In an age where most professional athletes are six-packed clones of one another, the big Spaniard, with his passion for Cuban cigars, expensive wine and the finer things in life, is a bold break from the norm.
He’s living proof that there’s more than one way to be successful and to still be going strong at the age of 52, beating his own record as the oldest-ever winner on the European Tour just two years ago, is testament to his longevity.
He’s fantastic fun, a great character and, like all top players, somebody we can learn a lot from.
Dissecting the swing
Let’s take a closer look at Miguel’s swing. The first thing you’ll notice is that it’s not completely orthodox.
Even at set-up (above, left), he doesn’t have what you would describe as a dynamic athletic posture. Certainly not compared to Rory McIlroy or Adam Scott.
However, that’s not especially important. What’s important is that all of his lines and all of his fundamentals are in perfect order. He’s balanced and comfortable - there’s no substitute for that.
As he takes the club away (above, second left), you’ll notice that there’s no strain or fight. What I particularly like is the way he keeps the clubhead in front of his hands. That’s a really good position.
As he pulls the club back (above, second right & far right), you can see the clubhead trying to get behind quite quickly.
For a high handicapper, that would spell trouble but Miguel is able to make various compensations at the top of his backswing so that he gets back on-plane as he comes back down into the ball.
Notice the difference in the angle of the shaft in frame seven as compared to frame four.

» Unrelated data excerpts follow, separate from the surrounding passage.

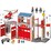 The Fire Station includes sliding pole, fire alarm (2 x AAA batteries required), helicopter and helipad, as well as two garages for emergency fire vehicles.
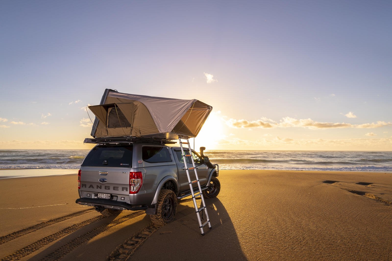 Tente de toit GoOverland Expedition XL avec coque aluminium nid d’abeille, matelas mémoire 200×200 cm, isolation thermique et accessoires inclus.
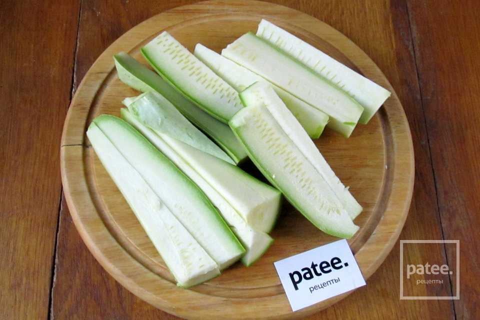 Молодой кабачок моем, обрезаем края и нарезаем кусочками удобного для пропускания через мясорубк размера.
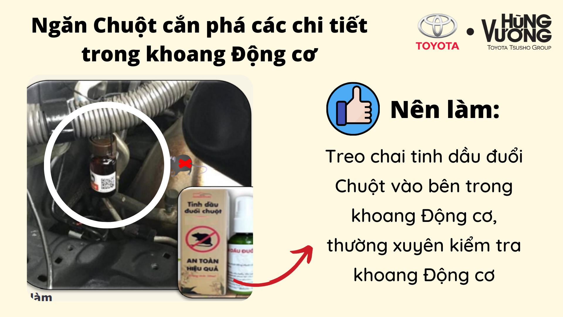 Bạn nên treo chai tinh dầu đuổi chuột vào bên trong khoang động cơ, mùi của sản phẩm này sẽ làm chuột sợ hãi và bỏ chạy. thường xuyên kiểm tra động cơ.
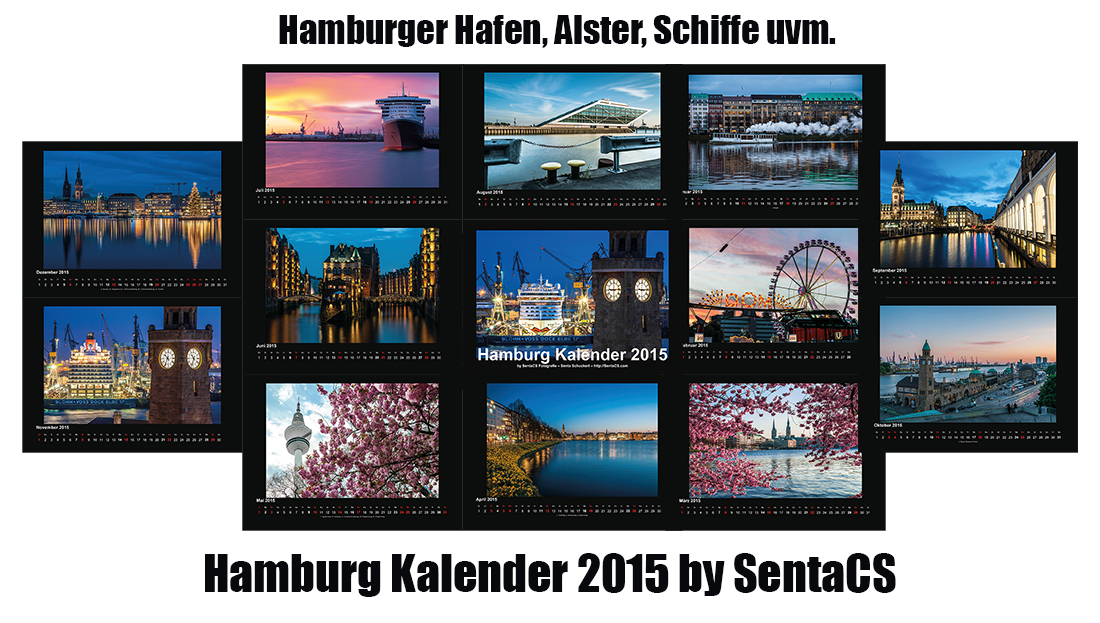 Der HAMBURG Kalender 2015 by SentaCS hat das Format Din A3 (42×29,7cm), beinhaltet neben dem Kalenderblatt 2015 auch die wichtigsten Feiertage und ist das perfekte Weihnachtsgeschenk für alle Hamburger und Hamburgliebhaber.
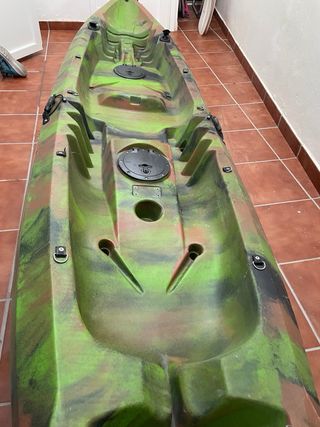 Se vende kayak de 385 cm de longitud. 50 de ancho. Muy estable soporta mas de 300 kg con 4 cañeros fijos y 2 moviles . Se vende por no poder usar por enfermedad. Tiene 2 remos , 2 asientos con bolsillos con cremallera para guardar cosas, 2 tambuchos con saco y tamben el conjunto de ruedas para transportar el kayak sin abrir. Tambien opcion de soporte para la sujeccion del motor. (esta en las fotos) color camuflado. También se hace precio si se compra motor a propulsión con el kayak , 580€ todo Kayak, canoa, piragua, barca, mar, mediterraneo, pesca.....
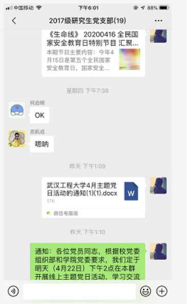 £¨Í¨Ñ¶Ô±ÍòºÆÌ죩2020Äê4ÔÂ22ÈÕÏÂÖç £¬ÌÚ²©tengbo9885¹ÙÍø2017¼¶Ñо¿Éúµ³Ö§²¿Ê¹ÓÃ΢ÐÅȺ×éÖ¯¿ªÕ¹ÏßÉÏÖ§²¿Ö÷Ìâµ³ÈÕÔ˶¯¡ £¾Û»áÓÉѧÉúµ³Ö§²¿Êé¼ÇÍòºÆÌìÖ÷³Ö¡£
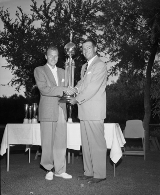 Jim Simpson (left) receives trophy from President Lacy Bogess of Colonial after winning the annual club golf title with a 72-hole score of 298. Two men are shaking hands smiling holding a trophy. Published in Fort Worth Star-Telegram morning edition, September 10, 1950.
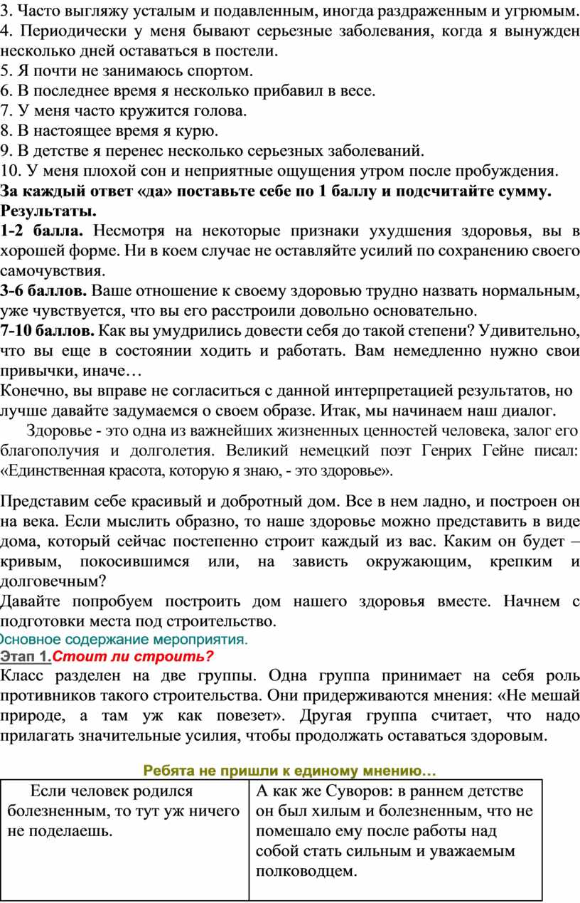 Класс разделен на две группы. Одна группа принимает на себя роль противников такого строительства. Они придерживаются мнения: «Не мешай природе, а там уж как повезет». Другая группа считает, что надо прилагать значительные усилия, чтобы продолжать оставаться здоровым.
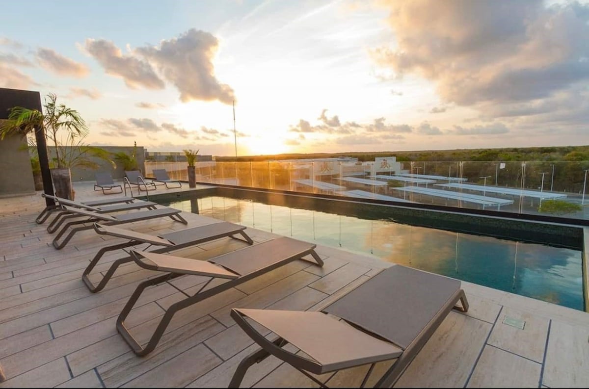 Fancy top-floor studio with unbeatable sunrise views over the forest canopy, true luxury and exclusivity. Near Tulum center and 10 minutes from spectacular beaches. Enjoy 2 huge swimming pools, jacuzzi, sun beds, a large gym, 24/7 staff, strong A/C, stable and fast Wifi (200 Mbps), blackout curtains, 55" smart TV and a perfectly equipped kitchen. Have dinner outdoors under the stars on the spacious private terrace with unparalleled views. The condo includes free shuttle to a beautiful beach club
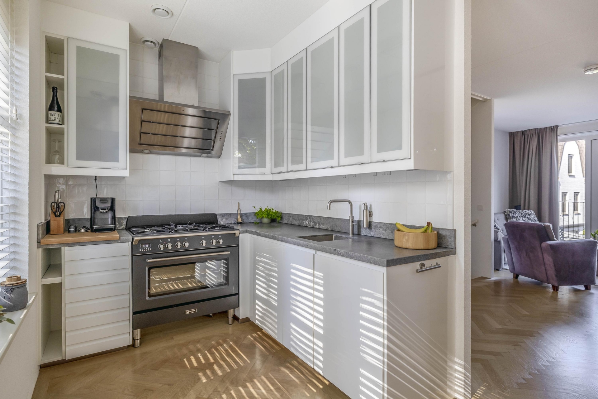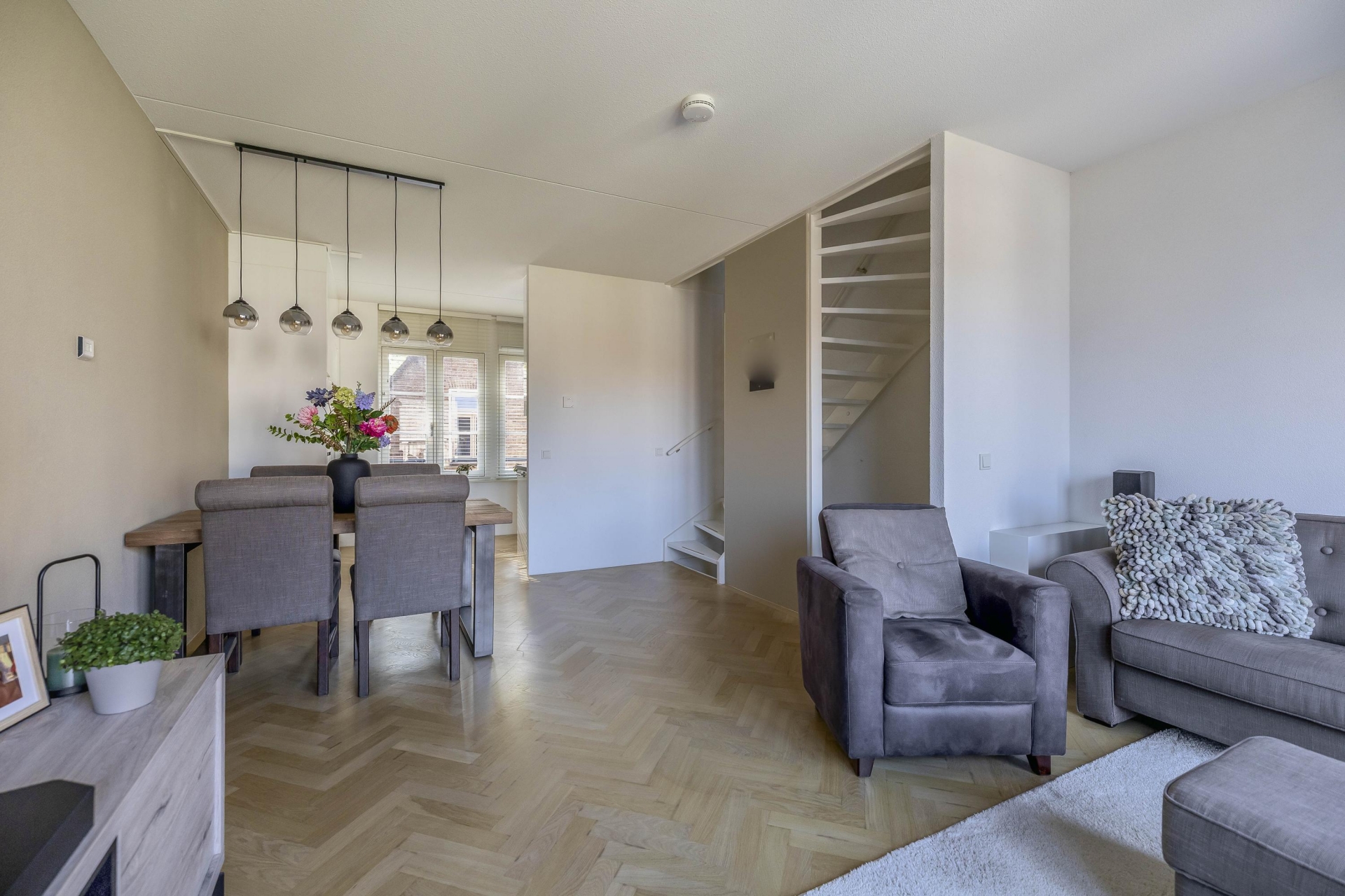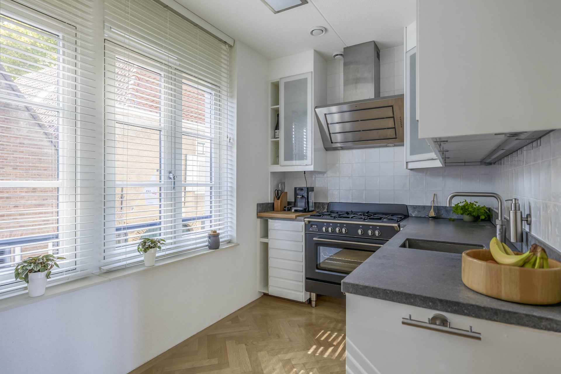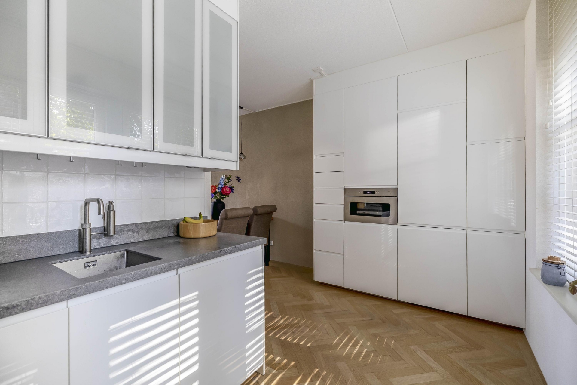 Wat direct opvalt zodra je de trap op loopt naar de 1e verdieping, is de prettige lichtinval. De woonkamer is ruim, fris en heeft een fijne indeling en is voorzien van een prachtige eiken parket visgraat vloer. De openslaande deuren geven toegang tot een knus terras waar je al snel lekker beschut zit. De open keuken sluit hier perfect op aan en is uitgevoerd in een rustige, moderne stijl met inbouwapparatuur waaronder een vaatwasser, Quooker, afzuigkap, koel-/vriescombi en een magnetron en voldoende werkruimte.

For me, frames seven, eight and nine are the ‘money’ frames.
Everything is beautifully on-plane as he comes down into impact, with the butt of the club pointing straight down at the ball and his hips turning square to the ball.
He hits all of the classic ‘good ball-striker’ positions. Check out how quiet his right side is (above, left) as he comes through the ball (above, second left) and into an excellent, balanced finish (above, right).